Angelo a passé de longues heures à guetter le retour de Jeanne et il s’est précipité à la rencontre de sa fille dès qu’il a entendu le moteur de la voiture. Lorsqu’il a compris que Christelle n’était pas là, il est entré dans une fureur non contrôlée, accusant sa femme d’être trop compréhensive et la rendant responsable d’une situation qu’il ne cherchait même pas à élucider. Sa colère a précipité Jeanne dans un trou sans fond et pour la première fois, elle a dormi dans un autre lit que le leur. Ce qu’elle ne peut admettre c’est qu’il n’ait pas répondu à son besoin de tendresse et de bras protecteurs autour d’elle. Le voyage l’avait épuisée mentalement et physiquement et elle n’avait qu’un but : se retrouver en sécurité, chez elle, près de son mari. Lorsqu’elle s’est réveillée, elle a constaté qu’il n’était pas dans la maison et ce matin elle va à son cabinet avec la douloureuse certitude que sa vie ne présente plus d’intérêt, ni pour elle, ni pour les autres qui combleraient facilement le vide de sa disparition.Assise à son bureau, elle repense à son rêve de la nuit qui la laisse très perplexe. Elle, la spécialiste, ne comprend pas le message apparemment très clair qui lui est donné:

« Je suis à la cuisine, en train de manger avec Angelo. Quelqu’un ouvre la porte d’entrée et je me précipite pour voir qui arrive. C’est Christelle, elle est rayonnante. Je l’accueille avec effusion. A ma grande stupéfaction, je ne comprends pas un mot de son discours qui est incohérent. Je la regarde avec effarement et me précipite vers Angelo en criant: “Elle délire, elle délire!” Il me rassure en me déclarant que ce n’est pas grave.”

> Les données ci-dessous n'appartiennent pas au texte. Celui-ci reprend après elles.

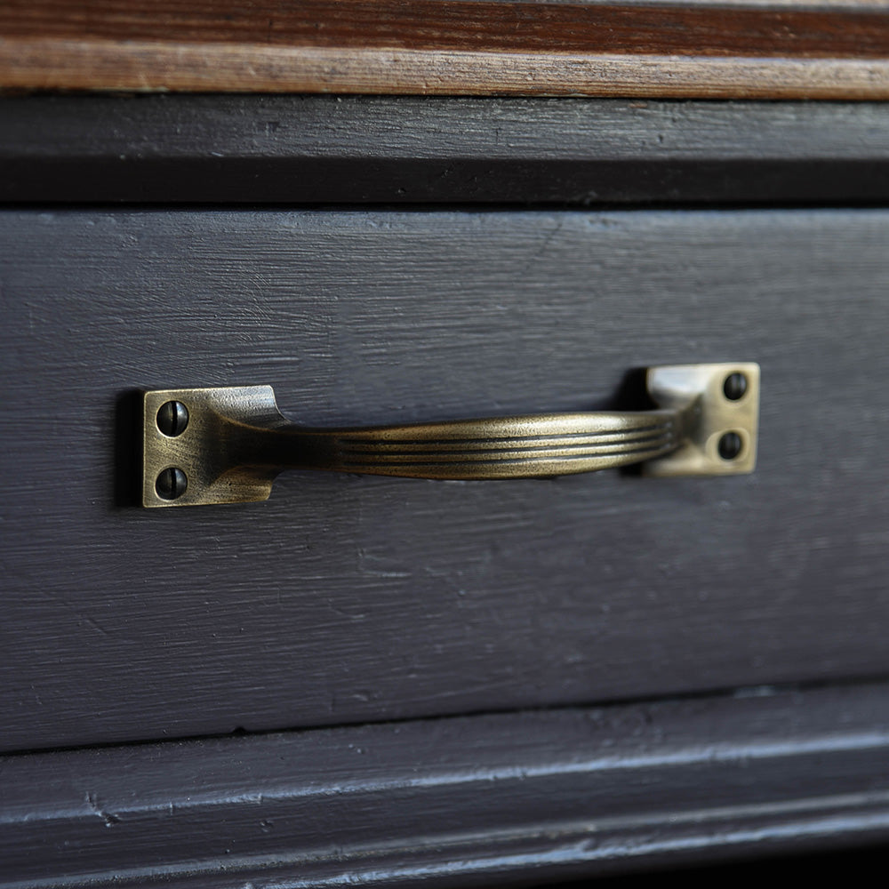 Gorgeous pull handle that is the perfect way to spruce up a set of drawers or cabinets. Hand crafted from solid brass with a distressed antique finish hand applied. The reeded detail on the drawer pull would create a lovely addition to any room. Hand made in the UK.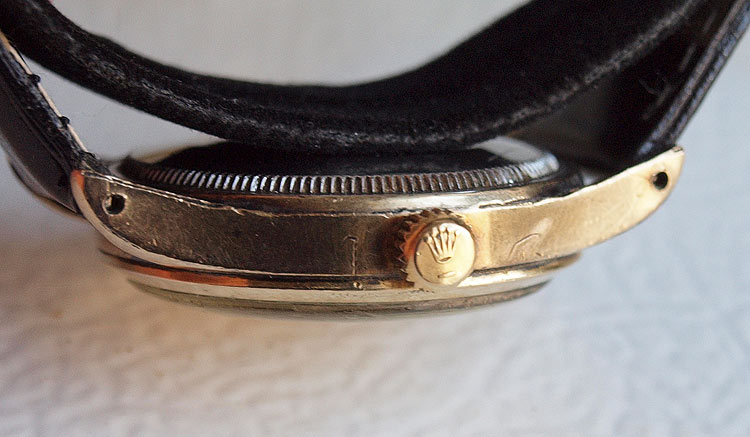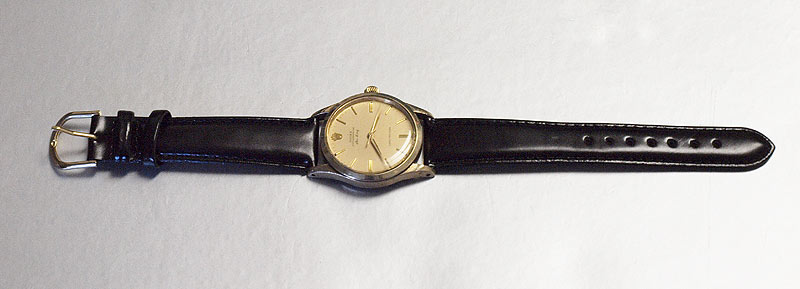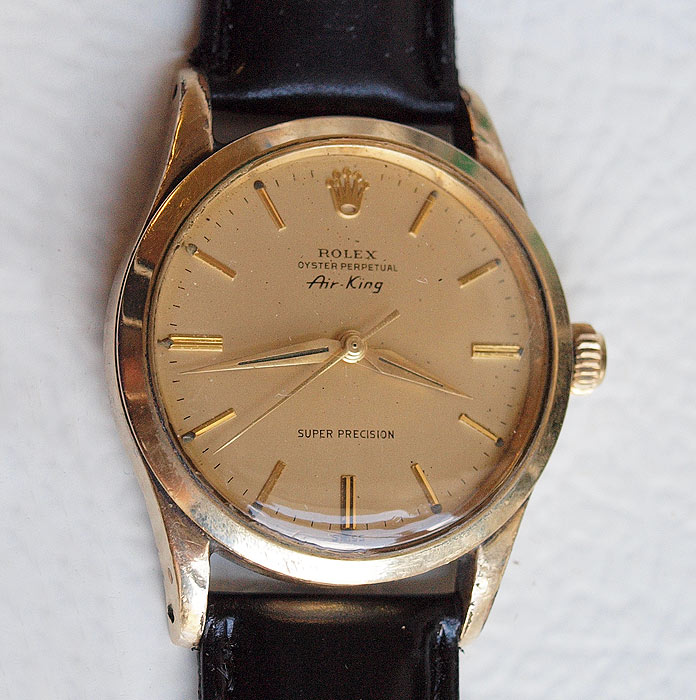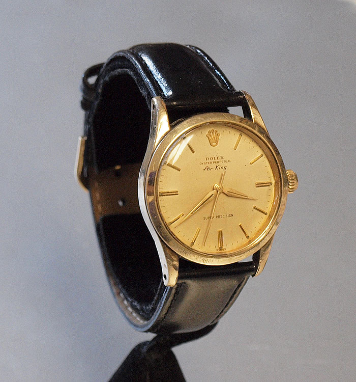 GENTS 1948 ROLEX AIR KING WRIST WATCH: Ref 5506, Super precision, gold capped or clad (40 micros thick) over steel, Oyster style with engine turned bezel, movement is caliber 1530 with 25 jewel, automatic winding function seems to be working fine, original champagne colored dial with gold stick markers showing correct ageing for this model, Dauphine hands with black centers and second sweep, Rolex screw down winding crown seems to be fine, Serial # 546xxx, all markings inside and K.B. & 40 marks outside are original to the watch and are correct for this model, stainless steel back, 73543 inside movement ring. New black leather band.

Pour y voir un peu plus clair, Jeanne décide de retourner dans le rêve et d’entrer dans le personnage de sa fille. Quel est cet aspect de sa personnalité qui délire ? Elle va répondre à toutes les questions qu’elle pose d’habitude à ses clients, lorsque la situation le permet.

– D’abord, qui suis-je dans le rêve ? Bien évidemment une jeune femme qui a une nouvelle à annoncer à sa famille, qui ne le fait pas au bon moment et qui n’arrive pas à se faire comprendre.- En quoi suis-je semblable à Jeanne ?

– Comme elle, je perçois les événements selon mon point de vue qui me semble le seul valable et je veux ensuite l’imposer aux autres, quel que soit leur état d’esprit. Je pense que le monde est beau et j’ai encore beaucoup d’illusions sur la sincérité des êtres humains. Je veux croire qu’ils sont animés de sentiments positifs à mon égard.

– En quoi suis-je différente de Jeanne?

-Je suis plus intransigeante qu’elle et porte sur les autres un jugement souvent exact mais également peu nuancé. J’ai de la peine à admettre que l’on ne soit pas blanc ou noir mais que toutes les nuances du gris existent.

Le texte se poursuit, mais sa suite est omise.